Hi,
We are running a cluster of 8 master eligible data nodes on ES 6.7.1. For one of our indices we have 18 shards with 0 replica's spread across 3 nodes(EC2 m5.2x large servers with 8 cores and 32). Shard size is approx GB. This is the only index on these 3 nodes. The servers are serving 150 read requests per second at their peak.
The issue is that we see intermittent server spikes when the CPU usage reaches 100%. Following is the output of hot threads
96.2% (481.1ms out of 500ms) cpu usage by thread 'elasticsearch[secondary1][search][T#7]'
10/10 snapshots sharing following 38 elements
org.apache.lucene.search.MatchAllDocsQuery$1$1.score(MatchAllDocsQuery.java:62)

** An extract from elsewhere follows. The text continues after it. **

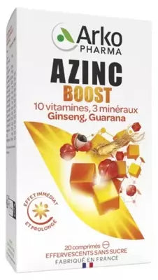 Arkopharma Azinc Boost 20 Effervescent Tablets Is A Food Supplement Developed To Improve Physical And Intellectual Performances In Immediate And Durable Way. It Associates 10 Vitamins, 3 Minerals, 2 Plant Extracts And Caffeine 100% Vegetable To Help To: Bring An Immediate "Boost" Effect During Intense Activities Periods (Exams, Stress, Overwork, Sports Activities, Etc.) And Reduce Fatigue, Thanks To Guarana And Caffeine, Support Intellectual Performances Thanks To Vitamin B5 And Maintain The Good Functioning Of Nervous System Thanks To Vitamins B2, B3, B6, B8, B12. Find Energy And Vitality In Durable Way Thanks To Ginseng And Magnesium, And Stay In Shape Thanks To Vitamin C And Zinc Which Contribute To The Proper Functioning Of The Immune System. Sugar Free. Made In France

org.apache.lucene.search.BulkScorer.score(BulkScorer.java:39)
org.apache.lucene.search.LRUQueryCache.cacheIntoBitSet(LRUQueryCache.java:501)
org.apache.lucene.search.LRUQueryCache.cacheImpl(LRUQueryCache.java:492)
org.apache.lucene.search.LRUQueryCache$CachingWrapperWeight.cache(LRUQueryCache.java:701)
org.apache.lucene.search.LRUQueryCache$CachingWrapperWeight.scorerSupplier(LRUQueryCache.java:748)
org.elasticsearch.indices.IndicesQueryCache$CachingWeightWrapper.scorerSupplier(IndicesQueryCache.java:157)
org.apache.lucene.search.BooleanWeight.scorerSupplier(BooleanWeight.java:364)
org.apache.lucene.search.LRUQueryCache$CachingWrapperWeight.scorerSupplier(LRUQueryCache.java:751)
org.elasticsearch.indices.IndicesQueryCache$CachingWeightWrapper.scorerSupplier(IndicesQueryCache.java:157)
org.apache.lucene.search.BooleanWeight.scorerSupplier(BooleanWeight.java:364)
org.apache.lucene.search.LRUQueryCache$CachingWrapperWeight.scorerSupplier(LRUQueryCache.java:751)
org.elasticsearch.indices.IndicesQueryCache$CachingWeightWrapper.scorerSupplier(IndicesQueryCache.java:157)
org.apache.lucene.search.BooleanWeight.scorerSupplier(BooleanWeight.java:364)
org.apache.lucene.search.BooleanWeight.scorer(BooleanWeight.java:330)
org.apache.lucene.search.Weight.bulkScorer(Weight.java:177)
org.apache.lucene.search.BooleanWeight.bulkScorer(BooleanWeight.java:324)
org.apache.lucene.search.LRUQueryCache$CachingWrapperWeight.bulkScorer(LRUQueryCache.java:832)
org.elasticsearch.indices.IndicesQueryCache$CachingWeightWrapper.bulkScorer(IndicesQueryCache.java:163)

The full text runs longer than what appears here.